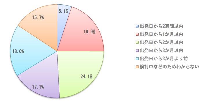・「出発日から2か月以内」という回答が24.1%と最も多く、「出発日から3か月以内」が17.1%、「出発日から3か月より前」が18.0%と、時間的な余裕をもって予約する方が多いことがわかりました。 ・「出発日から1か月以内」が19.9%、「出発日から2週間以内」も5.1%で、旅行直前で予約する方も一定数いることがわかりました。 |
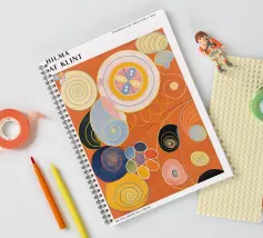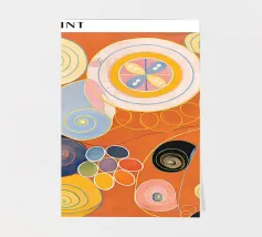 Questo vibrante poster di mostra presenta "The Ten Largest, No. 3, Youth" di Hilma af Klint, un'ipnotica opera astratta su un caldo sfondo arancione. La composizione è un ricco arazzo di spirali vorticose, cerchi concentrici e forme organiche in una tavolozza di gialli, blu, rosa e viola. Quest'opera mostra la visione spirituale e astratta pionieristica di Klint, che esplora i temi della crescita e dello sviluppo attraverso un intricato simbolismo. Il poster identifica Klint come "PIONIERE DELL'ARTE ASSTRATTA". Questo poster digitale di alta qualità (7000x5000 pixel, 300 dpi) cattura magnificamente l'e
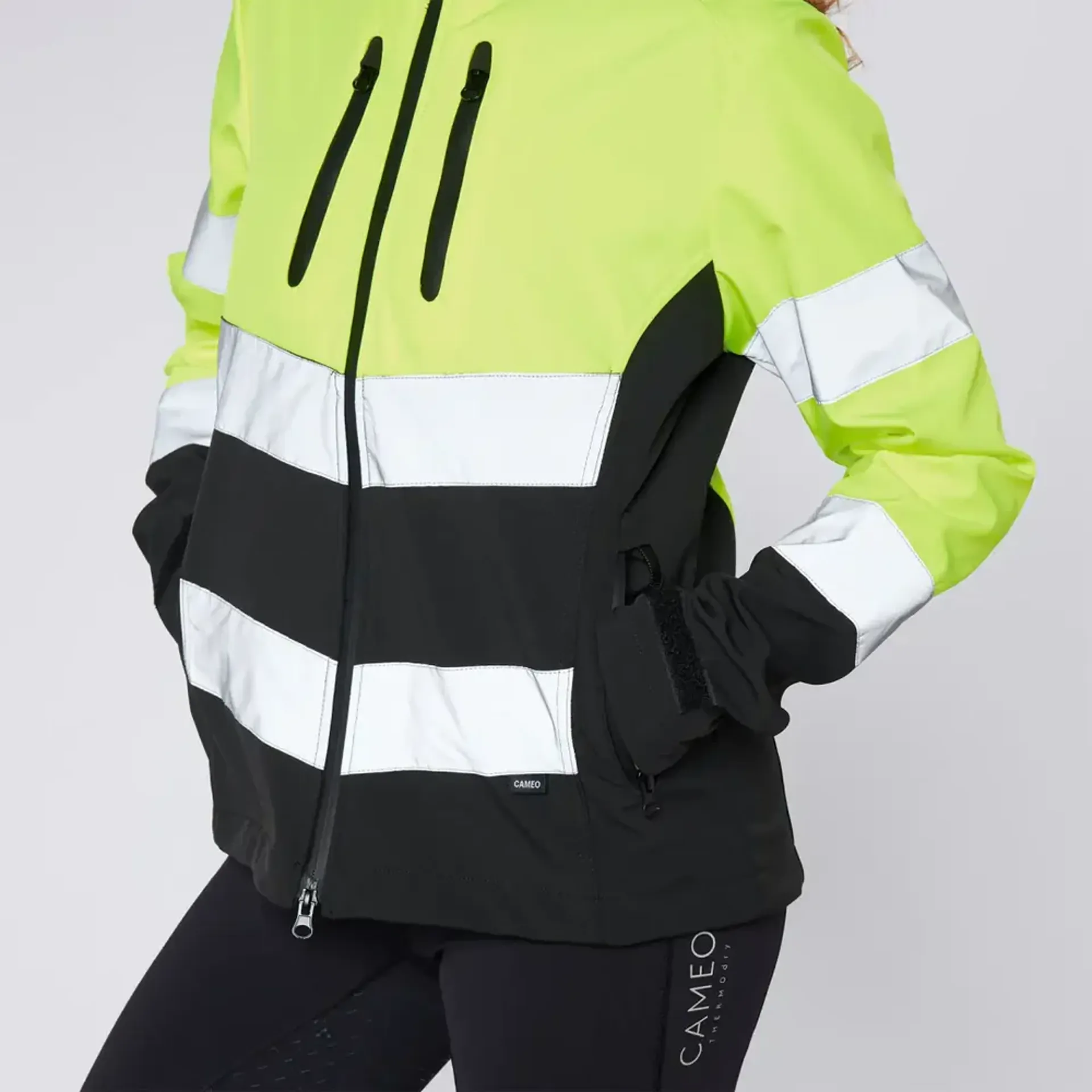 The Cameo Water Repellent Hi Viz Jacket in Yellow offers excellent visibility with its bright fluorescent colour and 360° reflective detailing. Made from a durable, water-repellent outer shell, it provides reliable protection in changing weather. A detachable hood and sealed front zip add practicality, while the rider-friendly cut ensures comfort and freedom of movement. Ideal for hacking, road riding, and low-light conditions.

+++

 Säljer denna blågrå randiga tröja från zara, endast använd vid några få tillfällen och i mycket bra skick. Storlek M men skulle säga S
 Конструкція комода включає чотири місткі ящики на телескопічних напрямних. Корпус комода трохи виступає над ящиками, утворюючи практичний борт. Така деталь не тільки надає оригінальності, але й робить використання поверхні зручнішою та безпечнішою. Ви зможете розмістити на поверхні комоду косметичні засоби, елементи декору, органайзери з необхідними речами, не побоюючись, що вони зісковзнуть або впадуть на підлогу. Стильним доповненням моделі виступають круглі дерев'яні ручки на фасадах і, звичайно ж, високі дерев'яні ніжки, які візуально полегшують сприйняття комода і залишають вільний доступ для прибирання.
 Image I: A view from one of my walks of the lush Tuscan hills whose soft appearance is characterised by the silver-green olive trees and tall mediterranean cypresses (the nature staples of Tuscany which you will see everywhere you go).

+++

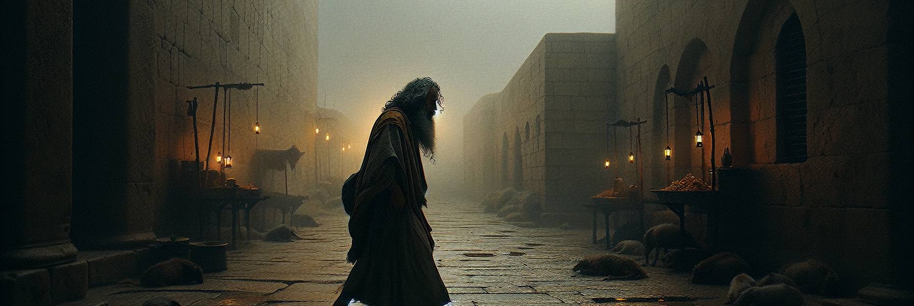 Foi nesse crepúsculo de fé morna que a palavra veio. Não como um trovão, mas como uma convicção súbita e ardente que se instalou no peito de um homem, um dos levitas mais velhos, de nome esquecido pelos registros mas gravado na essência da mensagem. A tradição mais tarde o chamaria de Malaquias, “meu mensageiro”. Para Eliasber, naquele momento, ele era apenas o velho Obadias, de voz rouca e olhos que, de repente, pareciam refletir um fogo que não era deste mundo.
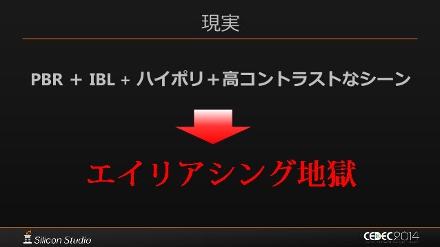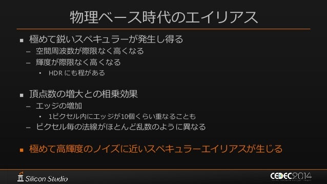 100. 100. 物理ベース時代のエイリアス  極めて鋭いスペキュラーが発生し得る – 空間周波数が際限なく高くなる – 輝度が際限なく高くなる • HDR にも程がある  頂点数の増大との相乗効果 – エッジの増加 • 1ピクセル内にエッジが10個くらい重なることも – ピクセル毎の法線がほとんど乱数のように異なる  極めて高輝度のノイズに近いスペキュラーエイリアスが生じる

+++

→ **ASSIGNMENT**
What to print is the stretch of entries from the line with "Questo vibrante poster" up to and including the line with "The Cameo Water". Please print it exactly and leave out the pictures.

→ **RESULT FOR THIS EXERCISE**
 Questo vibrante poster di mostra presenta "The Ten Largest, No. 3, Youth" di Hilma af Klint, un'ipnotica opera astratta su un caldo sfondo arancione. La composizione è un ricco arazzo di spirali vorticose, cerchi concentrici e forme organiche in una tavolozza di gialli, blu, rosa e viola. Quest'opera mostra la visione spirituale e astratta pionieristica di Klint, che esplora i temi della crescita e dello sviluppo attraverso un intricato simbolismo. Il poster identifica Klint come "PIONIERE DELL'ARTE ASSTRATTA". Questo poster digitale di alta qualità (7000x5000 pixel, 300 dpi) cattura magnificamente l'e
 The Cameo Water Repellent Hi Viz Jacket in Yellow offers excellent visibility with its bright fluorescent colour and 360° reflective detailing. Made from a durable, water-repellent outer shell, it provides reliable protection in changing weather. A detachable hood and sealed front zip add practicality, while the rider-friendly cut ensures comfort and freedom of movement. Ideal for hacking, road riding, and low-light conditions.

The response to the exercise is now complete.